The word dermatitis refers to inflammation (redness and swelling) of the skin. Dermatitis includes various skin conditions that cause irritation or rashes on the skin. It generally causes no serious harm to the body and does not mean that the affected person’s skin is infected or unhygienic.
- Dermatitis is not contagious (it does not spread from person to person).
- It generally begins as itching or irritation and redness of the skin.
- There may be the formation of oozing blisters or rashes depending upon the type of dermatitis.
- Atopic and contact dermatitis are two of the commonest types of dermatitis.
- All dermatitis rashes may not be eczema.
- The terms atopic dermatitis and eczema are often used interchangeably. They, however, are not synonymous.
- Atopic dermatitis is one of the commonest types of eczema.
What are atopic dermatitis and atopic dermatitis?
Atopic dermatitis: It is a long-term (chronic) itchy inflammatory skin condition that can affect anyone but usually starts in early infancy (before the child turns 1 year old). Atopic dermatitis is also called atopic eczema. It is a common type of dermatitis.
Contact dermatitis: This refers to inflammation of the skin when the skin directly comes in contact with the substance it is allergic or sensitive to. Unlike atopic dermatitis, contact dermatitis is generally seen in adults.
What are the causes of atopic dermatitis and contact dermatitis?
- There is no single known cause of this condition.
- The immune system seems to play a major role in causing atopic dermatitis.
- Kids who have a family history of dermatitis, asthma, or hay fever have a high risk of atopic dermatitis. Studies have revealed certain genes that form defective skin proteins, resulting in this condition.
- Women have a higher risk of atopic dermatitis than men.
- The condition seems to be more common in people belonging to the African American race.
- Certain conditions such as viral infections, teething, or eating certain foods can cause atopic dermatitis flare-ups.
- In many cases, there may be no obvious trigger.
- Unlike atopic dermatitis, contact dermatitis does not run in families.
- It is not a result of a generalized immune phenomenon and is thus not associated with other forms of allergies such as hay fever and asthma.
- In over 80% of people, contact dermatitis results when the skin cells are damaged on exposure to irritants such as detergents, solvents, bleach, fragrances, soaps, and nickel jewelry.
- In the rest of people, an allergic reaction may occur 1 or 2 days after exposure to an allergen such as poison ivy.
What are the symptoms of atopic dermatitis and atopic dermatitis?
Atopic dermatitis: Atopic dermatitis may present with the following signs and symptoms:
- Pruritus (excessive itching)
- Xerosis (dry skin)
- Lichenification (thickening of the skin associated with an increase in skin markings)
- Bumps or scaly patches on the skin
Atopic dermatitis can affect the skin on any part of the body such as the face, neck, arms, and hands. The armpits and groins are generally spared. Bacterial infection may occur on the skin leading to crusting, oozing, and ulcer formation.
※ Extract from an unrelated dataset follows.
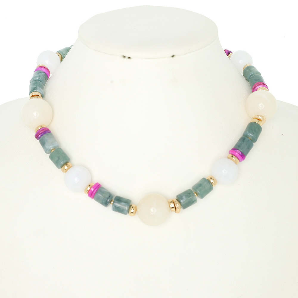 Multicolored Imitation Stone Bead Mala Necklace

Contact dermatitis: The symptoms generally appear within minutes to hours of the exposure and are mainly confined to the area exposed to the allergen. Symptoms include:
- Bumps or blisters that may ooze and crust
- Burning or pain
- Dry and scaly skin
- Swelling over the affected area
What are the treatments for atopic dermatitis and atopic dermatitis?
- Treatment is mainly directed to prevent itching.
- The doctor may advise ways to keep the skin moist such as the use of emollients or moisturizers.
- Taking a 5-minute bath in lukewarm water (not hot water because it may further make the skin dry and itchy) followed by the application of a moisturizer such as white petrolatum generally helps.
- The person should keep their body wet after the bath instead of rubbing or drying it with a towel.
- Infants should be bathed thrice a day, whereas adults can take a bath once or twice a day.
- A capful of emulsifying oils such as coconut or peppermint oil in lukewarm bath water will help keep the skin moist.
- Steroid ointments may be prescribed during flare-ups.
- Ointments containing tacrolimus or creams containing pimecrolimus may be prescribed in severe cases.
- People with severe itching may need oral antihistamine or steroid medications.
- Antibiotics may be needed when there is an infection.
- People with chronic and severe eczema may require the use of immunosuppressants (drugs that calm the immune system) such as methotrexate, azathioprine, and cyclosporine.
- The first step for treating contact dermatitis is the removal of the irritant (for example, remove the nickel jewelry, change the clothes contaminated with the detergent/solvent or fragrance, and take a bath).
- Applying cool compresses or taking a cool bath may ease the irritation.
- Sprinkling some baking soda or taking an oatmeal-based bath may soothe the skin.
- Avoid scratching and apply over-the-counter (OTC) anti-itch lotion or cream containing 1% hydrocortisone once or twice a day.
- The doctor may prescribe oral antihistamines or steroids to control the symptoms.